捧在手心裡寄予厚望的大孫子居然不是親生的!二十三年的心血付諸東流,這一刻,薑老爺子都想讓薑嘉樹消失在這個世界上, 恥辱,這是他是整個薑家的奇恥大辱。竟然差一點就把幾代人打拚下來的江山送給一個野種。
是的, 野種,薑老爺子認為薑鴻義和他一樣被白夢欺騙,他怎麼可能想得到薑鴻義和白夢一起撒這種彌天大謊。

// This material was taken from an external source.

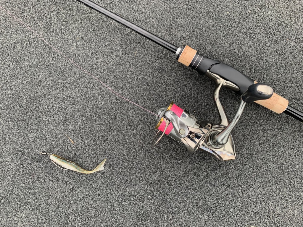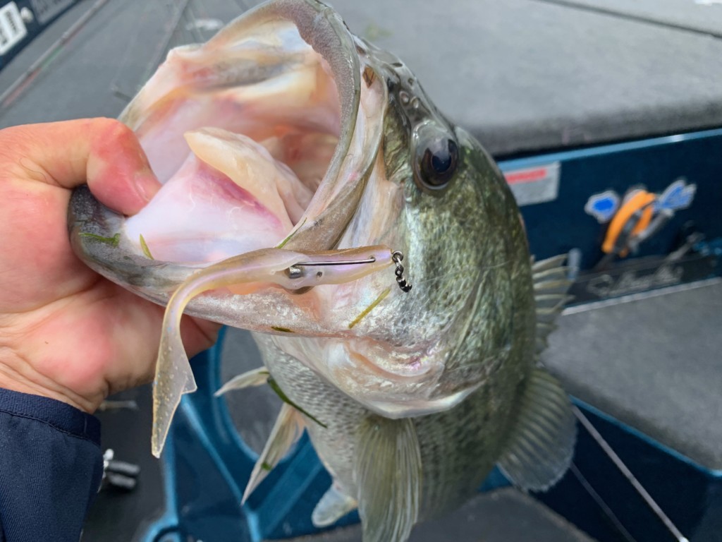 そうなると、マッチザベイトで3~4インチのワームを「ノーシンカー」や「ネイルシンカーを入れたネイルリグ」でロングキャストしてI字、またはウィードの際を狙うといった釣り方にバイトが多発する事となっております。

薑鴻義被叫到祖宅時是茫然的, 他不知道到底發生了什麼事,讓老爺子這麼緊急地把他叫來,回憶起那口氣,薑鴻義下意識繃緊了神經。
“鴻義。”薑老太太驚訝,“怎麼這麼晚還過來?”
“我爸叫我來的。”看來老太太並不知道,那麼就不是家事,難道是集團的事,薑鴻義努力回想,沒想起自己最近有哪裡做的不好的地方,彆老爺子又吹毛求疵了。老爺子也是的,自己都五十幾的人,還是不肯把大權交給他,弄得他被人在背後嘲笑一大把年紀還離不開老子。
薑老太太納悶:“什麼事兒啊?”
薑鴻義:“我也不知道,我爸就讓我趕緊過來一趟。”
護崽的薑老太太就抱怨了,“你爸也是的,有什麼事不能明天說,這大晚上的。”複又高興起來,“那就彆走了,今天在這過夜。”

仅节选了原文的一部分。